Hu L F, Wang L P, Ju L W, Huang L H, Li X L, Li X Z, Gu J R
Sci Sin B. 1986 Feb;29(2):181-6.
Poly(A)+ RNA was isolated from 9 specimens of human primary hepatic carcinoma, 1 non-tumorous liver tissue adjacent to cancer and 1 normal liver tissue samples. The Oligo-dT cellulose-purified poly(A)+ RNAs were subjected to formaldehyde agarose gel electrophoresis, Northern transfer and hybridization with various oncogene probes. Two RNA species, 5.6 kb and 2.2 kb were identified by N-ras gene hybridization in 6 out of 9 mRNA samples from primary hepatic carcinoma specimen. N-ras specific mRNA was not detectable in mRNA samples from normal human liver and tumor surrounding cirrhotic tissue. No detectable hybridization of mRNA from hepatoma and normal liver with Ki-ras or Ha-ras was observed. As human N-ras gene has been identified in DNA of mouse transfectants transformed with PHC DNA, it strongly suggests that N-ras gene might be responsible for the transforming activity of part of cases of human liver cancer.

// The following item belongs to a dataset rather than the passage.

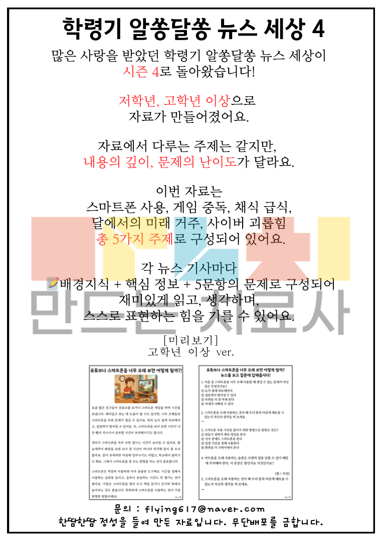 학령기 독해_알쏭달쏭 뉴스 세상4_고학년 이상

从9份人类原发性肝癌标本、1份癌旁非肿瘤肝组织及1份正常肝组织样本中分离出Poly(A)+ RNA。将经寡聚dT纤维素纯化的Poly(A)+ RNA进行甲醛琼脂糖凝胶电泳、Northern转移,并与各种癌基因探针杂交。在9份原发性肝癌标本的mRNA样本中,有6份通过N-ras基因杂交鉴定出两种RNA条带,分别为5.6 kb和2.2 kb。在正常人肝和肿瘤周围肝硬化组织的mRNA样本中未检测到N-ras特异性mRNA。未观察到肝癌和正常肝的mRNA与Ki-ras或Ha-ras有可检测到的杂交。由于在用人原发性肝癌DNA转化的小鼠转染子的DNA中已鉴定出人类N-ras基因,这有力地表明N-ras基因可能是部分人类肝癌病例转化活性的原因。